His Bolton bedroom now was rich in Lancashire splendour, the carpet pure olive-green wool overflung with white roses. The heavy curtains, interlined for the black-out, were damask within and without. The eiderdown was of fat rose-pink blisters and beside the bed was a lamp with pink silk and bead fringes. The wallpaper could have stood by itself, thickly embossed with gold, and the blankets were snowy wool, and satin-bound. “You are in the best spare,” said Muriel. “The wardrobe may be a Gillow.” “Now put the fire on if you need it,” said Hilda. “Both bars. We have to go out now.”

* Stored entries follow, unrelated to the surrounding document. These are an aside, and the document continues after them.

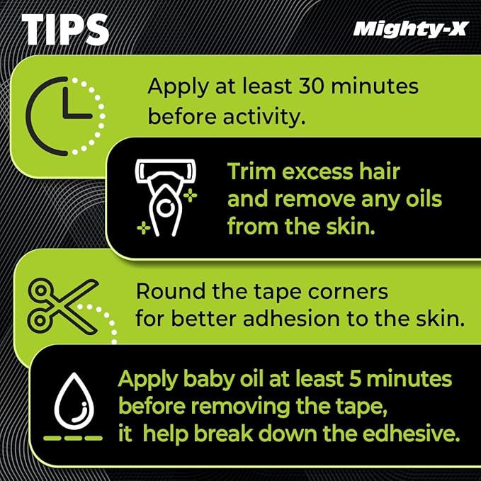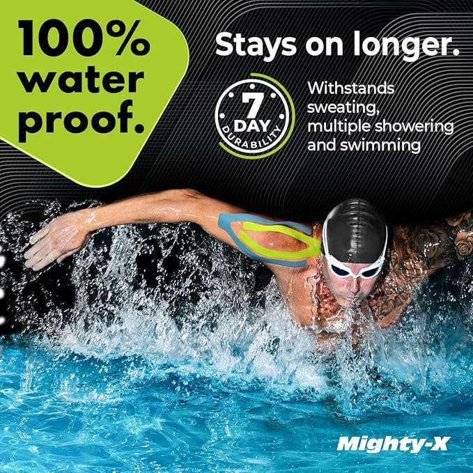 - 100% WATERPROOF – Mighty-X k tape for knee pain is designed to withstand heavy sweating and multiple showers. The nylon sports tape athletic kinesiology material doesn’t absorb moisture and dries quickly, so you can get back to your routine right after a shower.
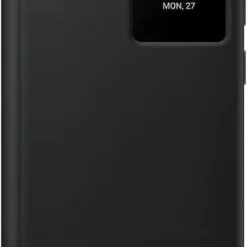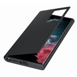 The Official Samsung Galaxy S24 Ultra Smart View Wallet Case – Black — Samsung’s own flip cover with a Smart View interactive window. Check notifications, answer calls and control music with a single tap on the closed cover without opening the case. Hidden card slot inside. Wireless charging compatible. Made with eco-conscious recycled materials. Designed exclusively for the Galaxy S24 Ultra.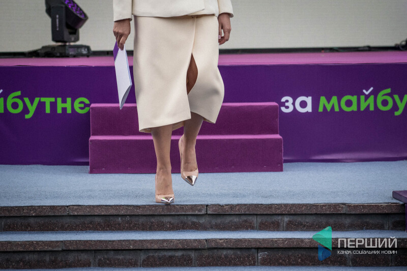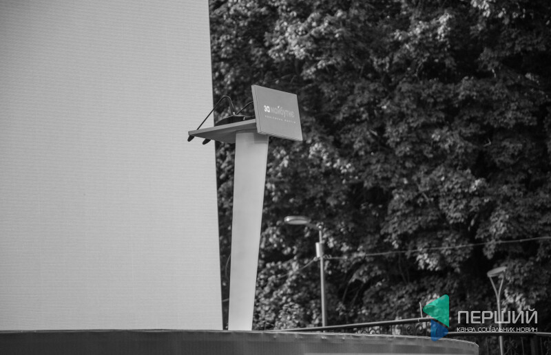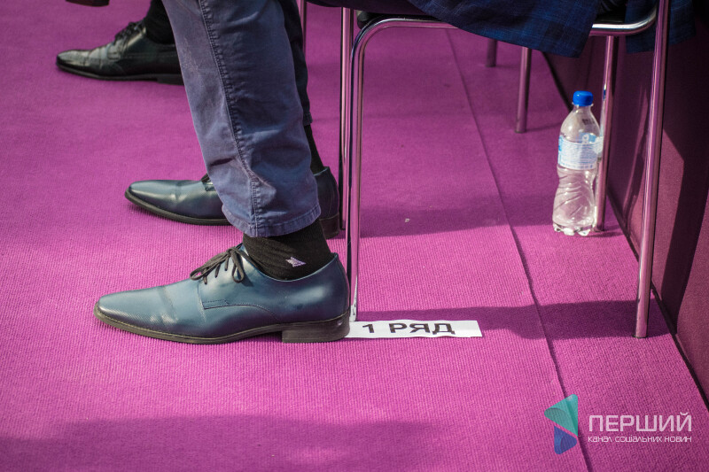 Ігор Палиця стрімким і впевненим кроком рушить на сцену. Всі ключові гасла, поки він говоритиме, мигатимуть лозунгами на фіолетовому екрані за його спиною. А обличчя спікера зблизька транслюватимуть на два великих екрани по боках сцени на Співочому полі.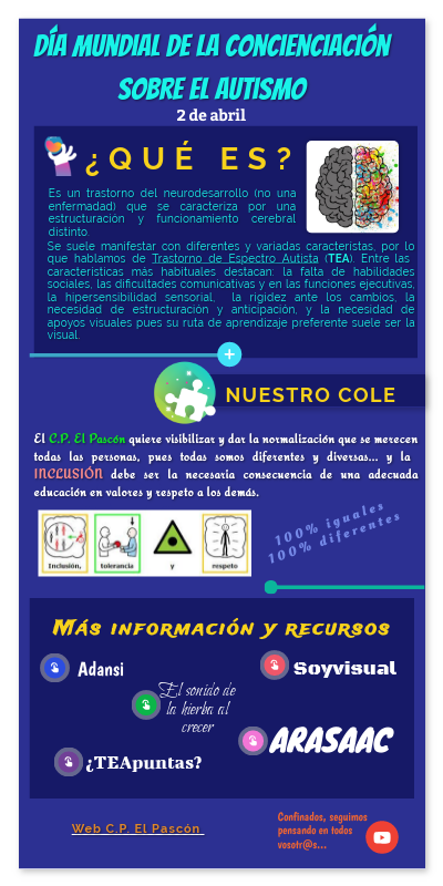 El C.P. El Pascón quiere visibilizar y dar la normalización que se merecen todas las personas, pues todas somos diferentes y diversas... y la INCLUSIÓN debe ser la necesaria consecuencia de una adecuada educación en valores y respeto a los demás.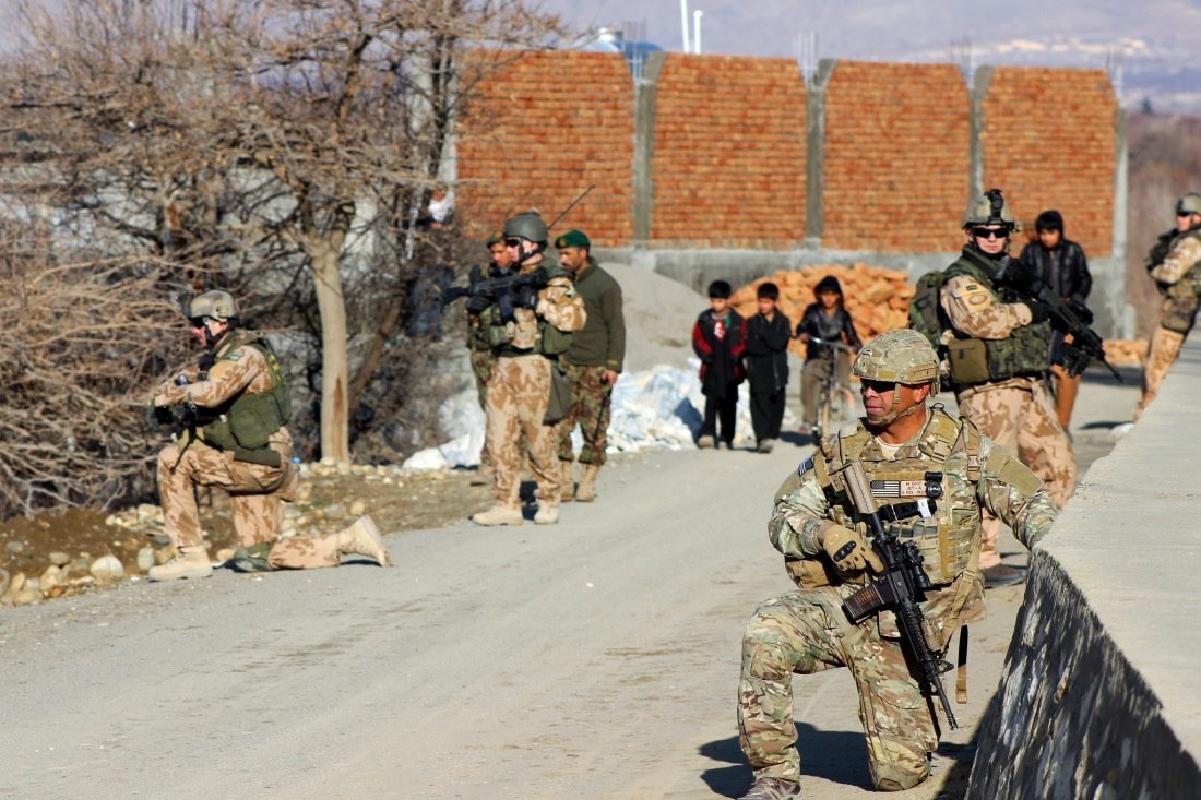 A U.S. Army soldier provides security as Czech and Afghan soldiers patrol through a village in Parwan province, Afghanistan, Jan. 26, 2015. U.S. Army photo by Sgt. 1st Class David Wheeler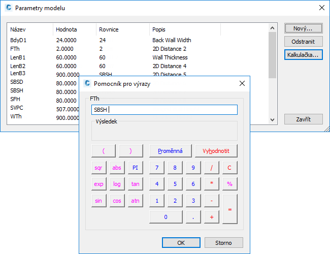 - Klikněte dvakrát na hodnotu sloupce Rovnice pro parametr modelu (například LenB1) a zadáním hodnoty nebo rovnice určete délku součásti.

Going out was their refrain. Eddie’s life was beyond their interest. They dwelt like Siamese twins in each other’s concerns and in the present moment. Every morning they came down to the breakfast-room talking before they saw you but telling you their plans. Their eyes were always blanks. They were always in one of a number of uniforms but always the same as each other. There was the Red Cross officer with stripes and a cockade; the WVS plum and dark green; a scarlet and grey ensemble reminiscent of the North-West Frontier; and a white and navy serge with wings on the head indicative of some variety of military nurse. They left the house every day by eight-thirty and were never home till supper. On Sundays they were up betimes for the eight o’clock Communion, and later sat knitting gloves and listening to Forces Favourites . There was a nice medium sherry before a heavy supper each evening. The midget maid crept about doing wonders with the chores and a muscular woman came in for the rough and a man for swilling down the yard. Each day Eddie ate his lunch alone at one end of the mahogany dining table, also a suspected Gillow, laid up with lace mats and shining silver. He received no mail and the phone never rang for him.
“Now, don’t you overwork,” they shouted. “You’ll get in. It’s your father’s old college. There’s a nice flick on at the Odeon,” and they clashed shut the vestibule door not interested in his answer.